2.1.  Generic SIV Construction

   This section defines a family of authenticated encryption algorithms
   built using a combination of AES in Counter (CTR) mode and either
   CMAC or HMAC-SHA2 operations.  The presentation here is based on the
   abstract SIV scheme in Section 4 of [SIV].  The generic construction
   is parameterised by the size of the key and the instantiation of the
   MAC algorithm.  We use MAC(K, M) to denote the application of the MAC
   algorithm to the given message M using the given key K.  We use AES-
   CTR(K, IV, M) to denote the application of AES in CTR mode to the
   message M, using the key K and Initialization Vector IV.

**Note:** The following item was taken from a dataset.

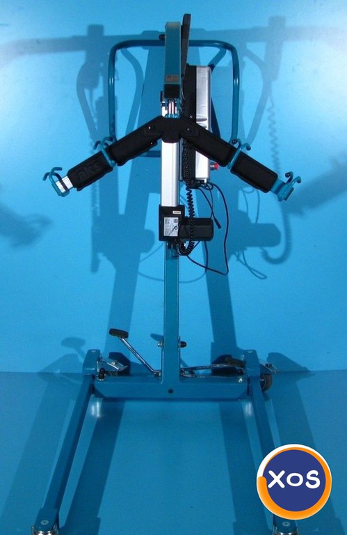Magazin on-line specializat in comercializarea produselor ortopedice second-hand import Germania vinde: Macara pentru pacienți cu acționare electrică – second hand, funcțională și pregătită pentru utilizare imediată. Acest elevator medical pentru pacienți este ideal pentru îngrijirea la domiciliu sau pentru centre medicale, fiind destinat ridicării, coborârii și deplasării persoanelor cu mobilitate redusă. Operarea se face de către un asistent, fiind un dispozitiv sigur și ușor de manevrat. Nu necesită montaj suplimentar. Ridicarea și coborârea pacientului se realizează cu ajutorul unui motor electric de 24V, puternic și fiabil. Macaraua este prevăzută cu o manetă de reglare și este dotată cu 4 roți, dintre care 2 roți spate au sistem de frânare acționat cu piciorul, oferind stabilitate și siguranță în timpul utilizării. Elevatorul pentru persoane cu handicap se vinde fără chinga (hamul) universală. Accesoriu opțional: ham universal pentru elevatorul de pacienți – disponibil separat. Deplasarea liftului se face manual. Dispozitivul este dotat cu buton de urgență, pentru oprire rapidă în caz de nevoie. Include încărcător 220V. Stare produs: folosit (second hand), în stare foarte bună. Acumulatori noi instalați! Notă: firma noastră nu oferă garanție pentru acumulatori, dar putem pune la dispoziție copia facturii de achiziție. Garanția acumulatorilor este oferită exclusiv de furnizorul acestora. Produsul prezentat în fotografii este exact cel pe care îl veți primi în cazul unei comenzi. Transportul nu este inclus în preț. Garanție produs: 12 luni Made in Germania Date tehnice: Greutate suportata – max. 150 kg Latimea maxima a picioarelor in pozitia cea mai ingusta - 65 cm Latimea picioarelor in pozitia cea mai larga - 100 cm Lungime totala - 138 cm Inaltimea de ridicare - 63 - 182 cm Inaltime totala - 128 cm Baterii - 2 x 12V x 5Ah Garda la sol - 12 cm Greutatea produsului - 40 kg

   Rather than adopting the S2V construction of [RFC5297] for providing
   multiple Additional Authentication Data (AAD) blocks to the MAC, we
   instead adopt a simpler method based on the base64url-encoded compact
   serialisation of the JWE Protected Header and IV separated by dots,
   and the unencoded plaintext octets.  This encoding uniquely
   determines the components of the AAD while being simpler, and uses
   encoded components that are already produced if the Compact
   Serialization is being used.  As stated in Section 5 of [SIV], the
   motivation for the S2V construction is efficiency rather than
   security, and any unambiguous encoding will suffice.  It is expected
   that a simpler construction will aid adoption of these safer
   encryption modes in situations where performance is not of paramount
   importance.

   [[CREF1: There is an I-D defining an AES-GCM-SIV mode currently in
   progress (https://tools.ietf.org/html/draft-irtf-cfrg-gcmsiv-05).
   This is a much more high-performance SIV mode than the ones defined
   in this document.  I have left it out of this specification because
   it is more complex to implement and still in draft form.  A further
   I-D/RFC could be proposed to also add that mode for in this same
   framework, but I believe the modes defined in the present I-D will be
   useful for many years to come, especially on constrained devices.
   --N.  Madden]]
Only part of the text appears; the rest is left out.